Therefore the request is, that you understand my post, and accept that you have three well-used denials, and in order to address them, you have to be able to put those denials aside, and implement Codd's words to the letter, without diverging on the basis of some weird interpretation of the spirit.
Next, in order for me to type less words in explanation, could you please answer: when you implement Codd's tables (we know you are not following his words, you do not have his Fig 3(b) ), do you have RFS 1, RFS 5, or something in-between ?
I have this filed under "don't care" because even
> today there's no model for databases comparable to the relational
> model.
Of course.
> > > It does take some work to read Codd's 1970 paper while trying to
> > > embrace the technological perspective of his audience in the days of
> > > punch cards and drum memory.
> >
> > Nonsense.
> ...
> > In 1976, when I took my first job in a computer service bureau, as an
> > apprentice programmer, we had no drums, no punched cards. We had a
> > machine with one disk (for loading the o/s and programs, not for
> > data), and eight mag tapes (for data).
>
> You arrived a little ahead of me. Doubtless you remember some things
> I've only read about.
>
> In 1976, though, you were already 6 years in, and there were still
> plenty of punch cards around. I programmed with them in college after
> that. When I arrived at work in 1982, we had CICS and 3270 terminals,
> but they had only arrived two years before. My mother in the mid-70s
> programmed on punch cards, too. (One compile per day, taken to the
> computer and back the the unusual RJE mechanism known as a "station
> wagon").
I remember it well. In college, where we also had evening classes for "punch card operators", we used to write our programs on 80-column sheets, which the PC operators would type onto PCs (that was part of their practical), which we would then take to the computer operators, who would compile it overnight, and we would pick up the results in the morning. The big deal was to stay in the computer operations area, to check that the compile worked, such that we could throw out the PCs at the operations room, and save ourselves the effort of carrying the box of PCs around. For exam programs, we were given a maximum of three compiles.
In the US, most toll highways issued PCs at every on-ramp, which were made from recycled PCs, which you submitted to a teller at every off-ramp, until at least 1990 IIRC.
> But, if you thought I meant punch cards were used for
> data storage, no, sorry. I was being allusory.
>
> Granted, "drum memory" is an exaggeration, but not much. The big IBM
> 360 machine sold in 1968 came with 1-4 MB core memory, but many came
> with much less.
Yes. Our 360 had core. That you could see it with the naked eye. Those little magnets NEVER failed. Actually, the HP-2000 had the same. It was the HP-3000 that had IC memory, no core.
360/CICS lived on well into the 90's. You will not believe how many are still running in Aussie and American banks.
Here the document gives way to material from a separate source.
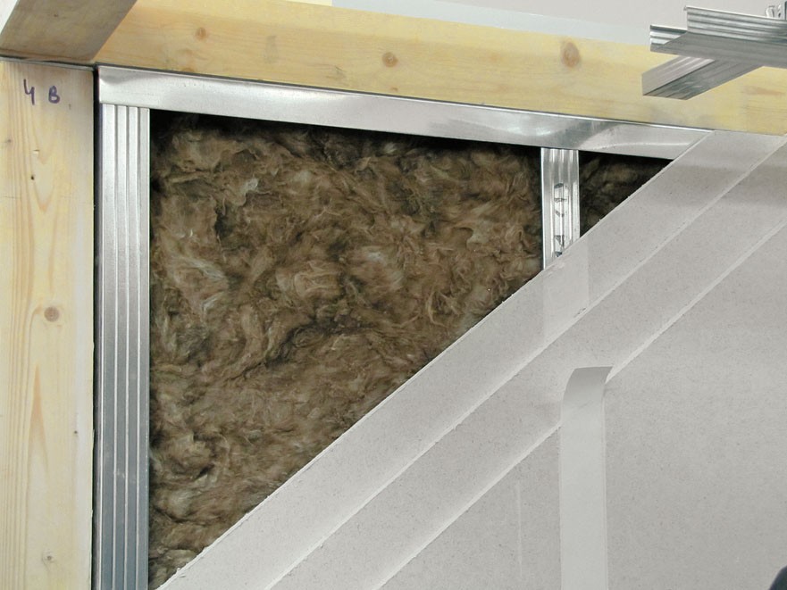Другой вариант – перегородка из конструкционных пенобетонных или газосиликатных блоков. Перегородочные блоки имеют размеры 600 × 200/250/400 × 75/100/120/150 мм. При этом отклонения от «номинала» у изделий ведущих фирм не превышают 1 мм. Материал в 10–14 раз (в зависимости от плотности) легче кирпича и при этом неплохо изолирует звук. По сравнению с каркасной перегородкой, заполненной минеральной ватой, выигрыш в звукоизоляции на низких частотах составит не менее 6 дБ. Но сделать тонкую пеноблочную перегородку прочной не так уж просто (требуется усиленное армирование), к тому же стенку придется с двух сторон штукатурить. Как показывает практика, кладочные перегородки обходятся на 30–50% дороже каркасных.

I have to write transports to/from them.
> It's very easy to imagine people in IT management in those days whose
> knowledge of computer science was nil and whose understanding of
> programming was limited to whatever IBM classes the firm had sent them
> to. No need to imagine them, in fact, because I worked with and under
> some of them. Hurrah for Syncsort [TM]. But it does take some work to
> try to read Codd's paper through their perspective.
>
> > > Codd certainly knew that a tree is a kind of DAG.
> >
> > No. He was a strong proponent of a single Large Shared Data Bank, the
> > classic single-version-of-the-truth. The tree is the hierarchy, the
> > tree is the Relational hierarchy. In a single location. Not a DAG
> > at all. Distributed databases are for the birds, and a DAG is just
> > the latest flavour of birdseed.
>
> I think you did not take my meaning: directed acyclic graph. I can't
> account for your answer otherwise.
I thought you meant, and my previous comments relate to, MS Database Availability Group.
Yes, Codd certainly knew that a tree is a kind of DAG.
But that means you understand something that you claim to not understand. More, later.
> > > I don't know what "normalized [before] RM" refers to,
> >
> > Do you understand that DRY, Agile, etc, is Normalisation for a
> > program ?
>
> If you say so. Not Agile, which is just methodology fetish.
True. Normalisation is the "big secret" behind Agile, DAD. Ambler could not call it Normalisation, because he spent two decades decrying it, propagating the myth that "de-normalisation improves performance."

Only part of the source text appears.